The government has decided not to raise the investment limit on the tax deduction allowed for contributions to the public provident fund (PPF) beyond Rs 70,000 a year. A final decision has been taken on the issue after several representations were received by the Central Board of Direct Taxes (CBDT) seeking an enhancement of this ceiling to Rs 1 lakh.
This means individuals making contributions to their public provident fund (PPF) accounts during FY07 will be able to claim a tax deduction of only up to Rs 70,000.
Right now, an individual can claim a tax deduction of up to Rs 1 lakh for contributions made to certain savings instruments, including life insurance premia, provident fund or schemes for deferred annuities, purchase of infrastructure bonds, payment of tution fees and repayment of the principal amount on housing loans.
An investor has the flexibility to contribute up to Rs 1 lakh in a single instrument or in a slew of them. The only exception is PPF, where an investor can claim a tax deduction on contributions of up to Rs 70,000 only.
According to a senior official, the CBDT received representations, seeking an enhancement of the cap. But the government has decided not to raise the investment ceiling as it reckons that PPF is a relatively high-cost borrowing.

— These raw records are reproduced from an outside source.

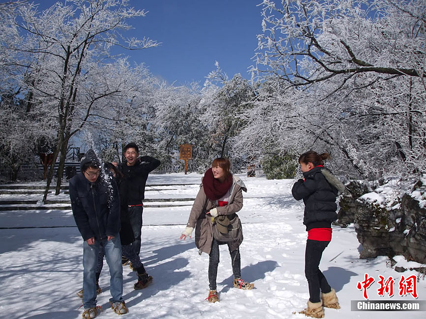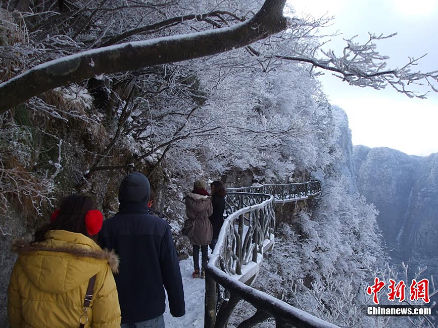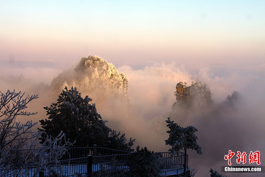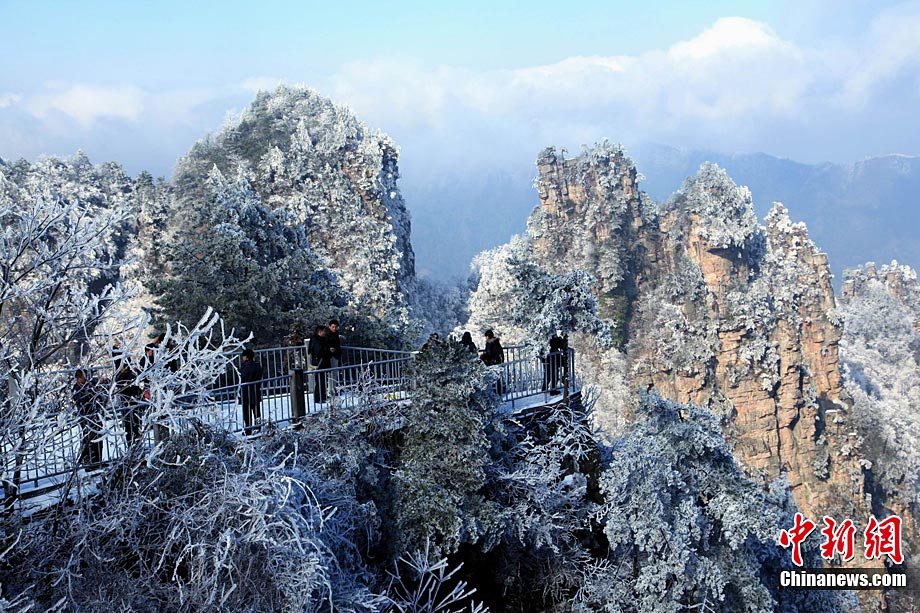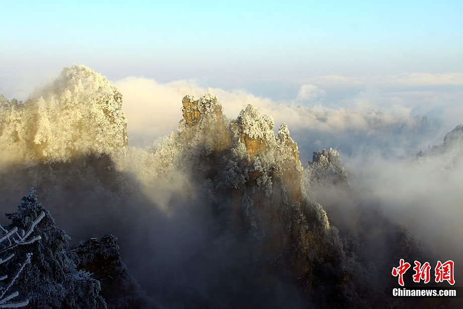 12月16日,世界自然遺產(chǎn)張家界雪后放晴,天子山、黃石寨等景點出現(xiàn)美輪美奐的云海奇觀。白雪覆蓋的石英砂巖峰林,在云蒸霞蔚之間更顯色彩斑斕,恍若仙境,令海內(nèi)外游客無不陶醉其中。王傳殊 鄧道理 攝
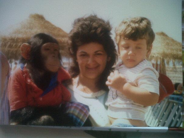 “Siempre me he preguntado si era una moda hacerse fotos con monos a finales de los 80… La única anécdota era que el mono me daba miedo; luego descubrí que son asesinos en potencia, así que tenía más razón que mis jóvenes e inconscientes padres”
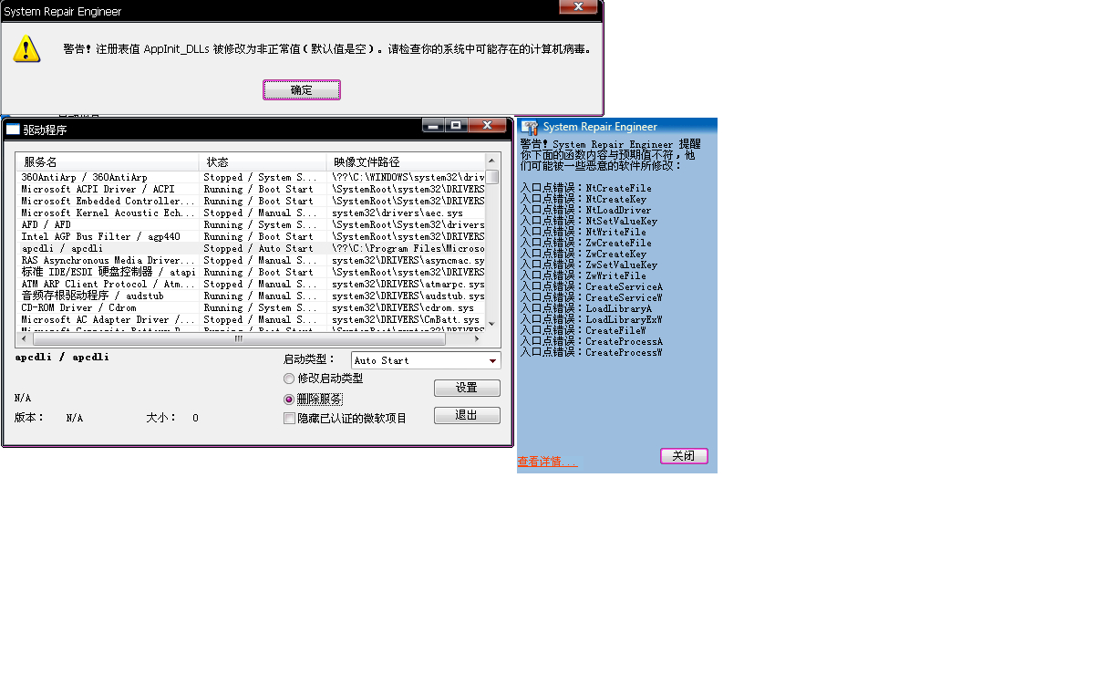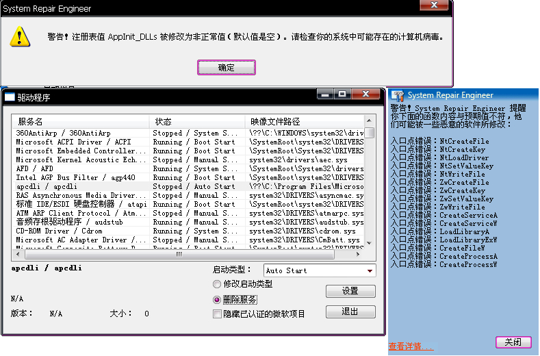 2、运行SRENG扫描工具,启动项目--服务--驱动程序,删除以下驱动程序:

It guarantees a yearly 8% return to investors with the investment being completely risk-free. The scheme runs for 15 years with a provision for a roll-over of five years, though withdrawals are allowed after the sixth year.
Besides, a PPF account holder is also exempt from paying tax at all three stages contribution, accumulation and at the last stage withdrawal. In technical parlance, this is known as the EEE method of taxation, where contributions to specified savings schemes, accumulations (earnings on investments) and withdrawals are exempt from tax.
PPF collections grew at a scorching pace in the late nineties. However, over the last few years, this instrument has lost sheen, with retail investors looking at stock and mutual fund investments. In FY06, for instance, PPF collections grew by a modest 5.5% to top Rs 12,330 crore.
Prior to FY06, individuals were allowed a tax rebate on contributions made to the savings schemes under Section 88 of the Income Tax Act. There were sectoral caps as well. For instance, a tax deduction of up to Rs 30,000 was allowed on purchase of infrastructure bonds.
The system of tax rebate was scrapped in the 05-06 Budget since it was perceived to be distortionary. Instead, individuals were allowed a tax deduction of up to Rs 1 lakh under Section 80C.
Sectoral caps were also removed to give flexibility to the assessee to invest in one or more of the instruments within the overall ceiling of Rs 1 lakh. However, PPF was the only instrument where the investment cap of Rs 70,000 still holds.
The government has also signalled its intention to move to the exempt-exempt-tax method (EET) for taxing savings instruments. Under this method, contributions and accumulations will continue to be exempt from tax.
But withdrawals or benefits would be taxed. In other words, some of the instruments, including PPF, could lose their tax-free on maturity status down the line.